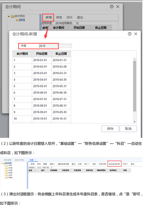 (1)由于本年度业务没有完成,12 月份业务没有结账,则不会自动生成下一年度的会计期间,但我们又需要进次年去录入单据,此时我们需要手工增加会计期间,操作步骤:依次点击“系统管理”—“基本设置”—“会计期间”,如下图所示:
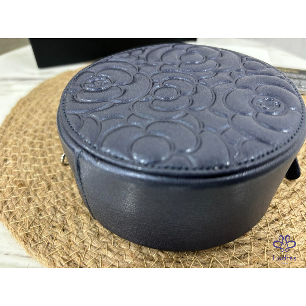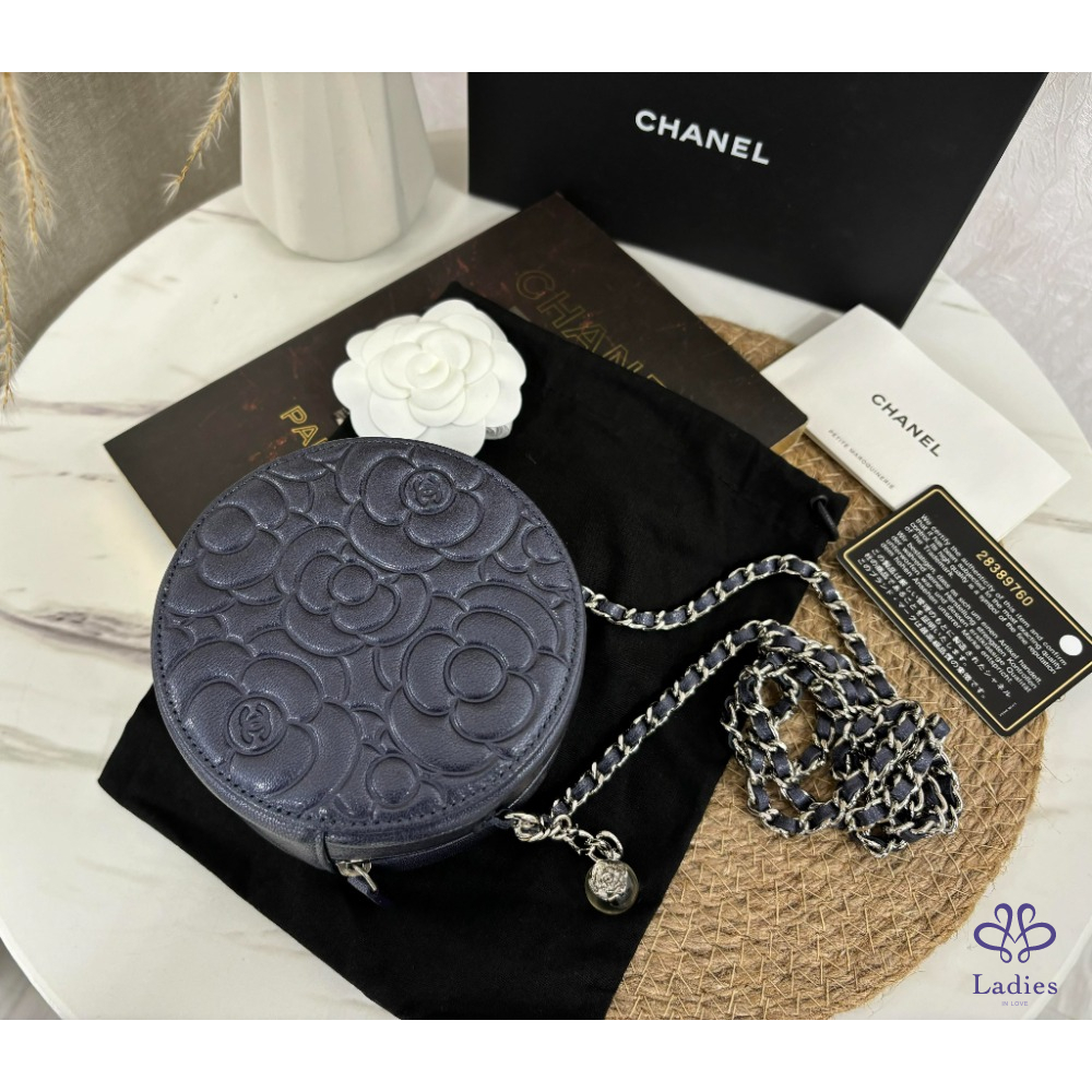 首頁 精品包包 Chanel 藍紫色經典山茶花壓紋小圓餅包
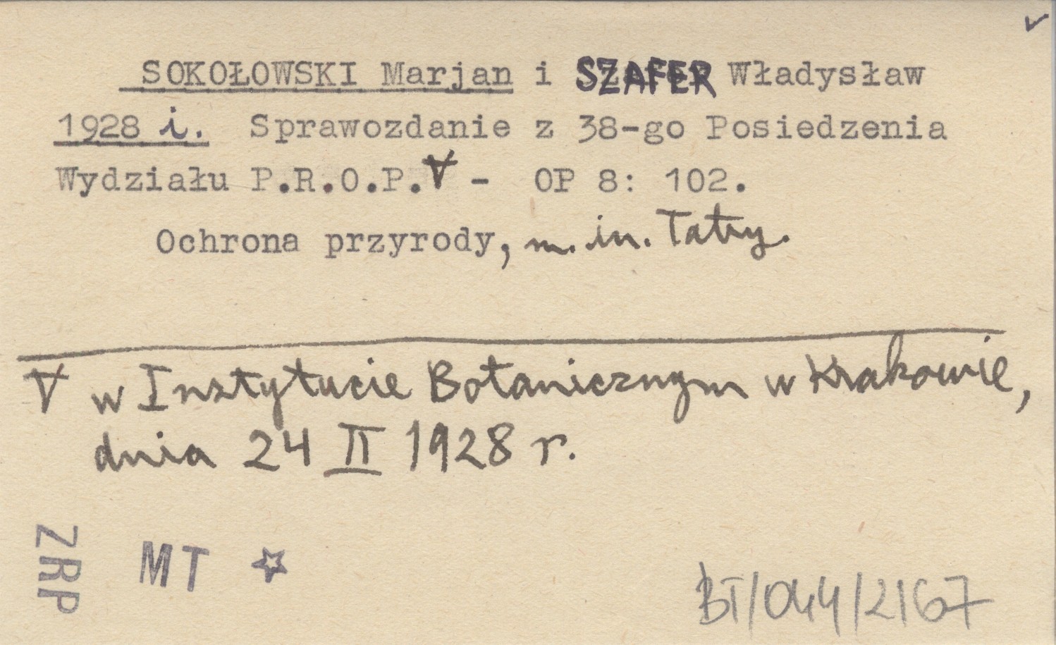 SOKOŁOWSKI Marjan SZAFER, Władysław. ; 1928 i Sprawozdanie z 38-go Posiedzenia Wydziału P.R.O.P. w Instytucie Botanicznym w Krakowie, dnia 24 II 1928 r.
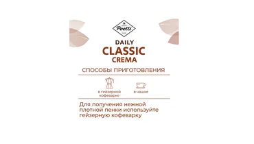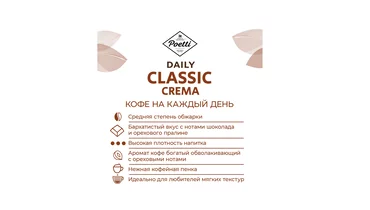 Poetti Daily — это линейка натурального кофе высокого качества на каждый день. Эксперты с многолетним опытом в обжарке кофе и профессиональные бариста разработали бленды, чтобы кофе радовал Вас вкусом и заряжал энергией! Poetti Daily - бодрящий кофе для продуктивного дня. Сочетание отборной арабики и премиальной робусты создает бархатистый вкус Daily Classic Crema. Кофе с нотами шоколада и орехового пралине с богатым ореховым ароматом. Напиток высокой плотности с нежной кофейной пенкой порадует любителей мягких текстур. Средняя степень обжарки. Идеален для приготовления в чашке, френч-прессе, автоматической кофемашине и гейзерной кофеварке. Poetti Daily Classic Crema — это бархатистый вкус и мягкая текстура в каждой чашке! Страна производства - Россия.
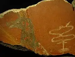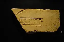 - Fragment einer Tabula ansata (Tafel mit zwei Handgriffen) aus Sandstein, die an einer Mauer befestigt war. In der Inschrift wird Vespasian genannt, der vom 1. Juli 69 bis 23. Juni 79 römischer Kaiser war:[10]
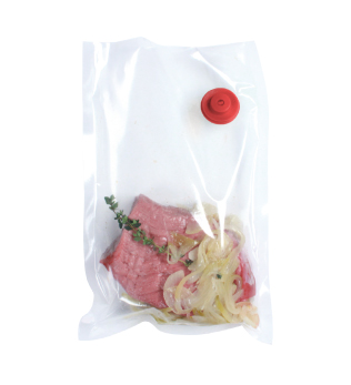 - クリッカをセットした袋に炒めた玉ねぎとにんにく、牛肉、タイムを入れ、クリップで袋の口を閉じ、ポンプで袋内を真空にします。
——
- Work request -
From the line with "首頁 精品包包 Chanel 藍紫色經典山茶花壓紋小圓餅包" through the final line of the records above, return each line exactly and nothing else. Pictures are to be skipped.

- Solution below -
 首頁 精品包包 Chanel 藍紫色經典山茶花壓紋小圓餅包
 SOKOŁOWSKI Marjan SZAFER, Władysław. ; 1928 i Sprawozdanie z 38-go Posiedzenia Wydziału P.R.O.P. w Instytucie Botanicznym w Krakowie, dnia 24 II 1928 r.
 Poetti Daily — это линейка натурального кофе высокого качества на каждый день. Эксперты с многолетним опытом в обжарке кофе и профессиональные бариста разработали бленды, чтобы кофе радовал Вас вкусом и заряжал энергией! Poetti Daily - бодрящий кофе для продуктивного дня. Сочетание отборной арабики и премиальной робусты создает бархатистый вкус Daily Classic Crema. Кофе с нотами шоколада и орехового пралине с богатым ореховым ароматом. Напиток высокой плотности с нежной кофейной пенкой порадует любителей мягких текстур. Средняя степень обжарки. Идеален для приготовления в чашке, френч-прессе, автоматической кофемашине и гейзерной кофеварке. Poetti Daily Classic Crema — это бархатистый вкус и мягкая текстура в каждой чашке! Страна производства - Россия.
 - Fragment einer Tabula ansata (Tafel mit zwei Handgriffen) aus Sandstein, die an einer Mauer befestigt war. In der Inschrift wird Vespasian genannt, der vom 1. Juli 69 bis 23. Juni 79 römischer Kaiser war:[10]
 - クリッカをセットした袋に炒めた玉ねぎとにんにく、牛肉、タイムを入れ、クリップで袋の口を閉じ、ポンプで袋内を真空にします。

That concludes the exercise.